Around them, the twisting, whippy trees rustled and swayed in the wind. Stands of canes rattled dryly against each other. Small, dark shadows scurried across the ground in front of them, leapt from tree to tree above their heads. They passed bottle-shaped fungi that pulsed with anemic yellow light. Insects and night creatures called and whirred and chirped and hooted.

Every once in a while, something in the distance let out a scream like a dying rabbit. Each and every time, Lyra nearly jumped out of her skin. Seconds later, each and every time, she had to peel herself off of Asier, who stood rigidly and made pained noises.

“Stop doing that,” Lyra said shakily as he groaned at the feel of her body against his. “You’re making it very difficult to—” she stopped herself.

“What?” Asier asked hoarsely.

To let go of you. “Nothing.”

They walked on. Lyra’s hand was a cramped claw, fisted in Asier’s jacket, but she didn’t let go.

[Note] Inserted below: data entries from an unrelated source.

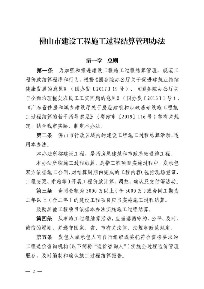 佛山市住房和城鄉建設局關于印發佛山市建設工程施工過程結算管理辦法的通知
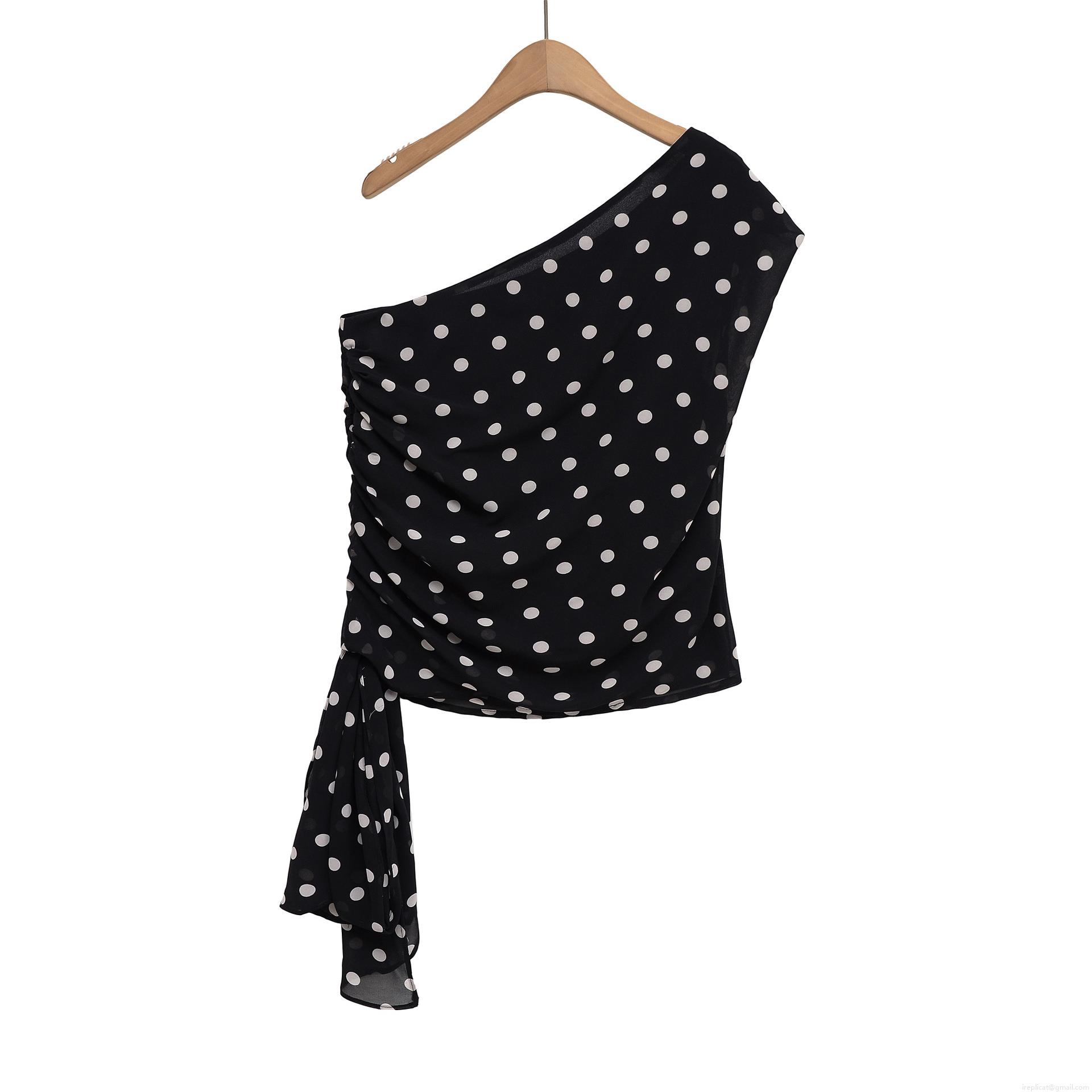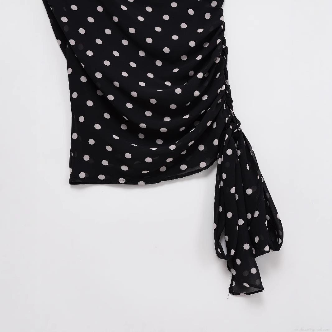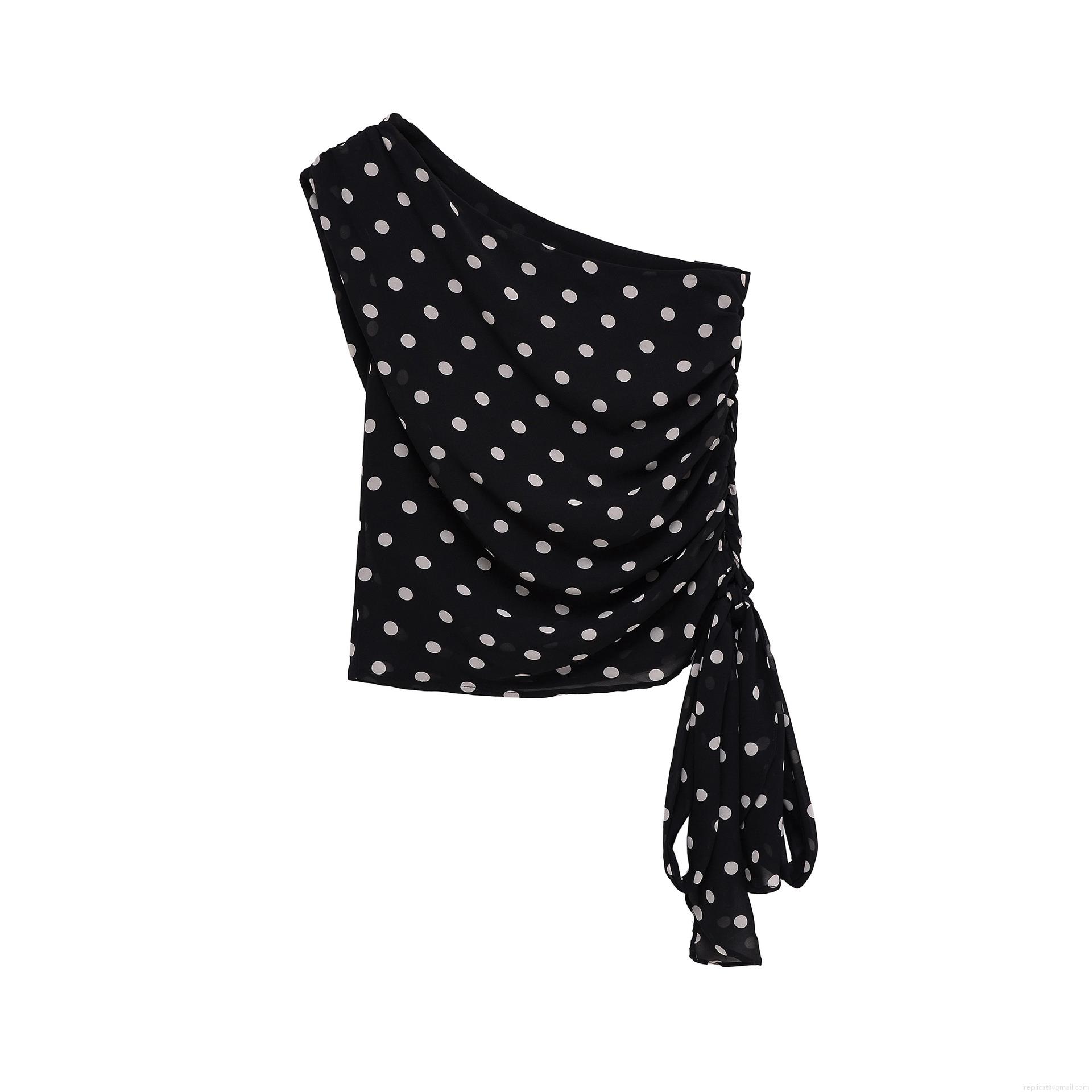 • Women One Shoulder Polka Dot Top Ruched Side Tie Drawstring Polyester T-Shirt Summer Streetwear Casual Sleeveless Blouse For Party Daily Wear
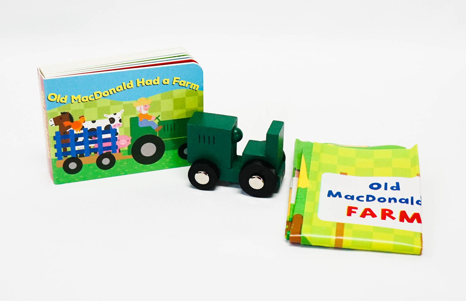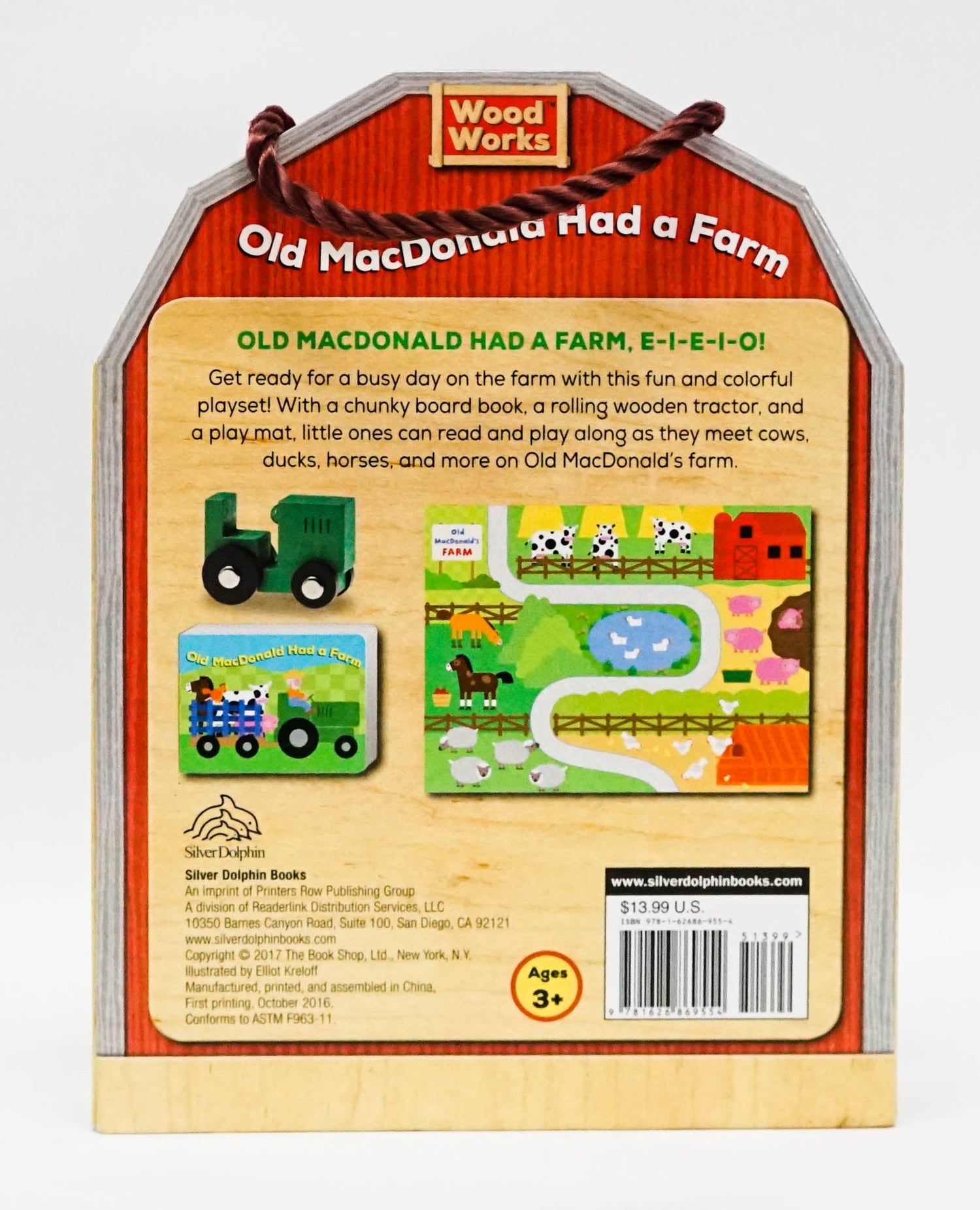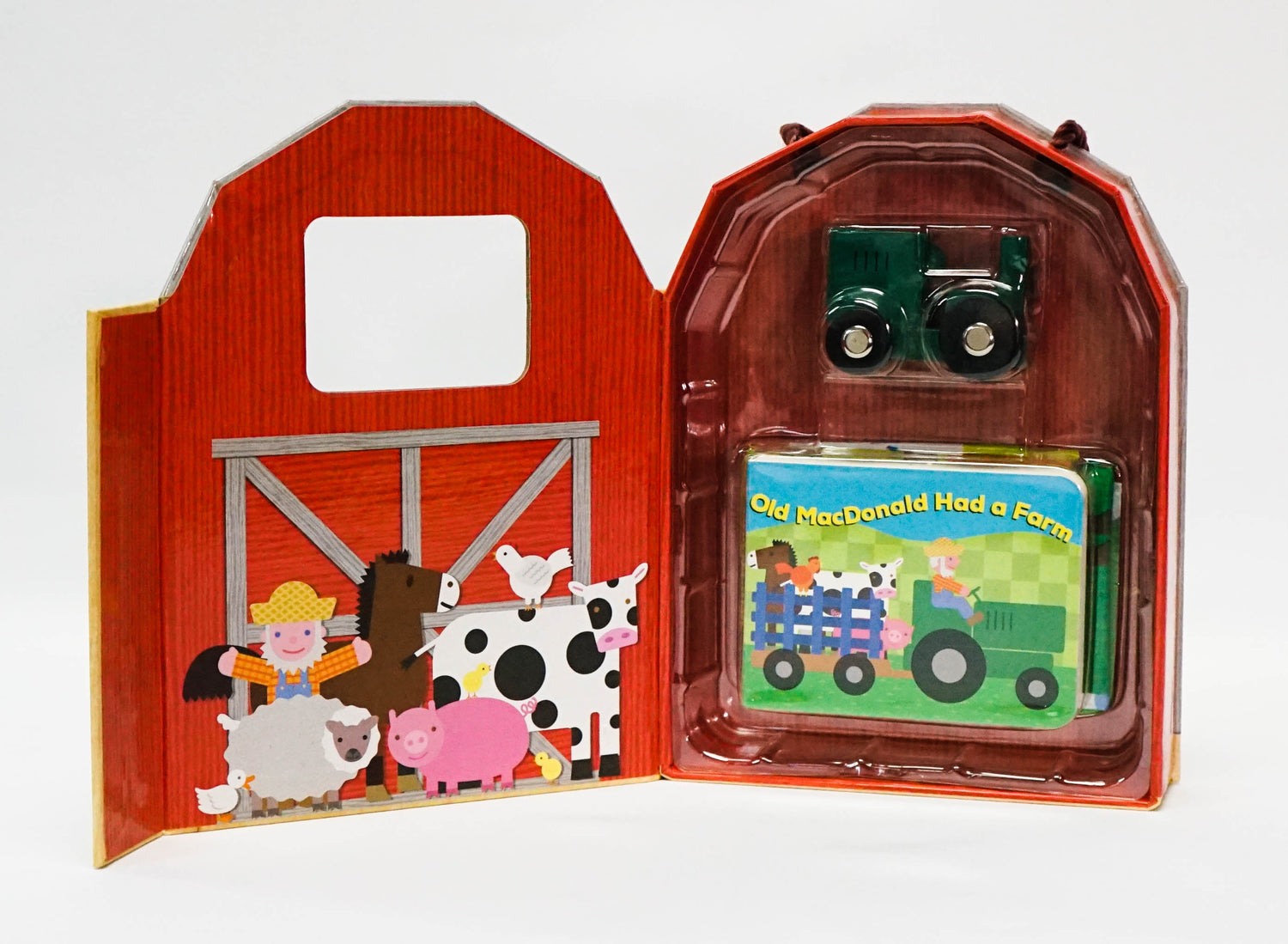 Old MacDonald had a farm, E-I-E-I-O! This brand-new playset featuring the classic children's singalong song Old MacDonald Had a Farm will be the perfect addition to your child's library. With a chunky board book, a wooden tractor, and a playmat, little ones can read and play along as they go through the farm and meet cows, ducks, horses, and more! Join Old MacDonald and his farmyard friends for a reading adventure.
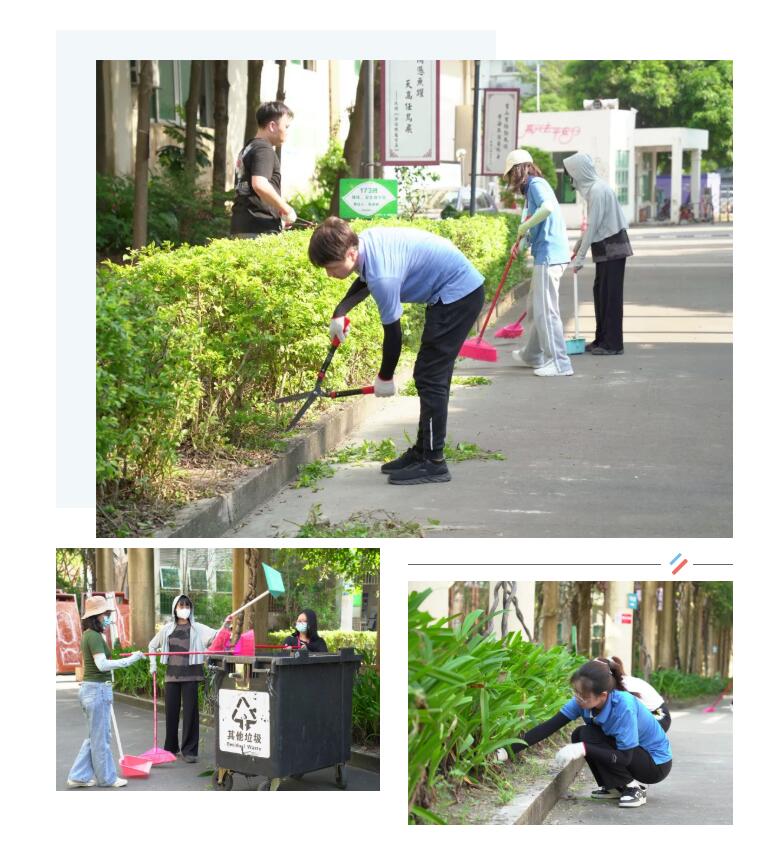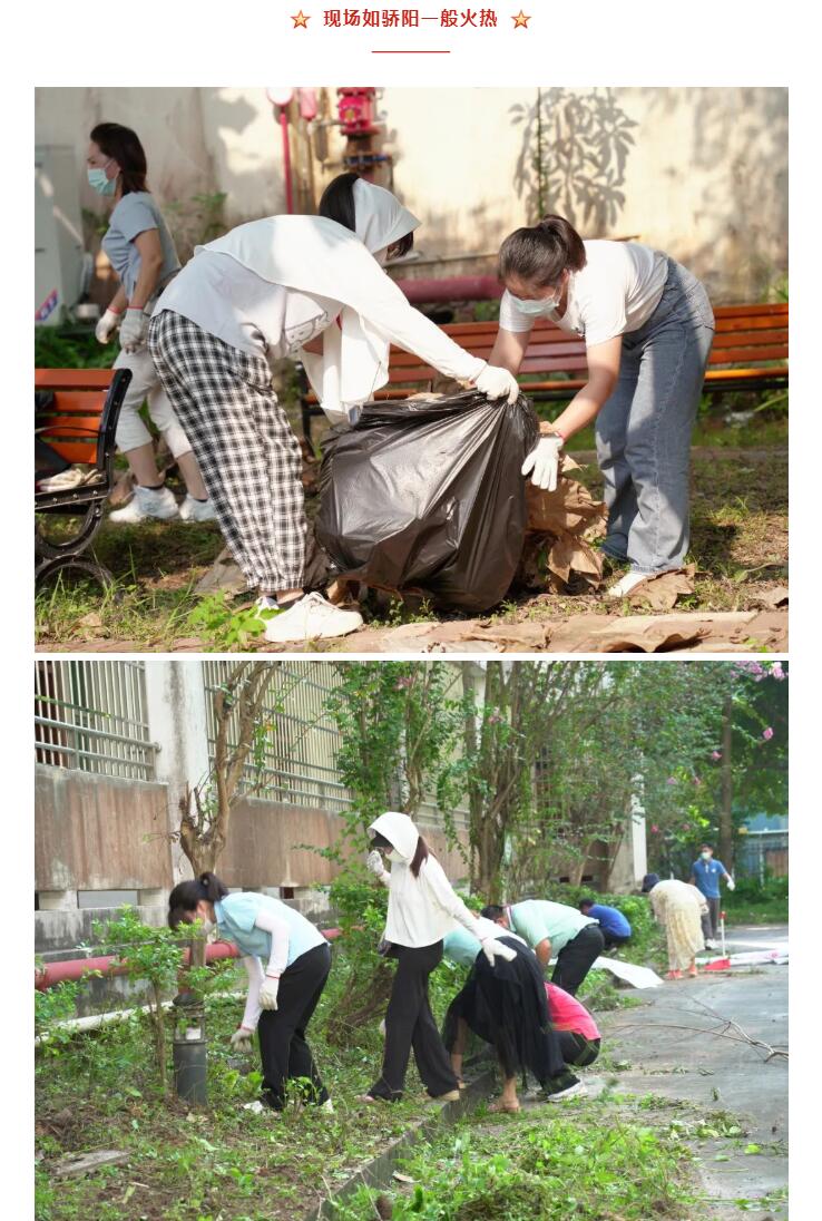 绿化丛里,老师们拿起扫帚、簸箕、抹布、铲刀等清洁工具,干劲十足,认真做好杂草清除、灌木修剪等各项工作。伴随着接连不断的“沙沙”声,一座座落叶堆成的“小山”被扫入簸箕,一株株植被向阳而生、健康成长。
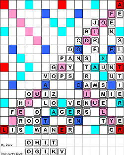 Since I'm not at tournament level yet, I have to play somewhat defensive, mainly by clogging up the board and making your opponent's life by limiting the amount of 2 letter "hooks" that can be played to stop 7 letter words. This ended up being the result, we had to stop when there was not another play possible on the board. Two of the words my opponent played, 'SLATTIER' and 'MIE' are phonies, the former I thought was OK and the second I knew was bad but I also knew that the only letter left in the tile bag was the 'K' and darn if I was going to get stuck with it. I won 339-314.

The darkness faded, bit by bit, until they were walking in daylight. The planet’s sun was as yellow and bright as Earth’s. But the trees around them were nothing like Earth’s verdant forests. Instead, Asier and Lyra walked through a feverish blend of scarlet, cobalt, and gold foliage. The bark of the trees and the woody stems of vines and bracken ranged from shades of pale ash to bone white. The loam-scented soil was charcoal gray.

The predominant species of tree towered high above them, more than three stories tall. The trunks twisted and curved like rheumatic fingers. The bark was white and papery, sloughing off in dangling sheets. The massive leaves were wine red, shaped like scalloped hexagons, a foot in diameter. They hung in crowded rows beneath the branches, dangling from a long stem. They looked like ladies’ parasols that had been turned inside out by the wind.

There were stout, bulb-shaped conifers, barely any taller than Lyra. Their ashy-gray branches bore midnight-blue needles as thick and long as porcupine quills. A viscous, mint-green resin dripped down their trunks.

Growing in clusters, were narrow, willow-like trees. Their hanging fronds were thick with frilly, heart-shaped, harvest-gold leaves.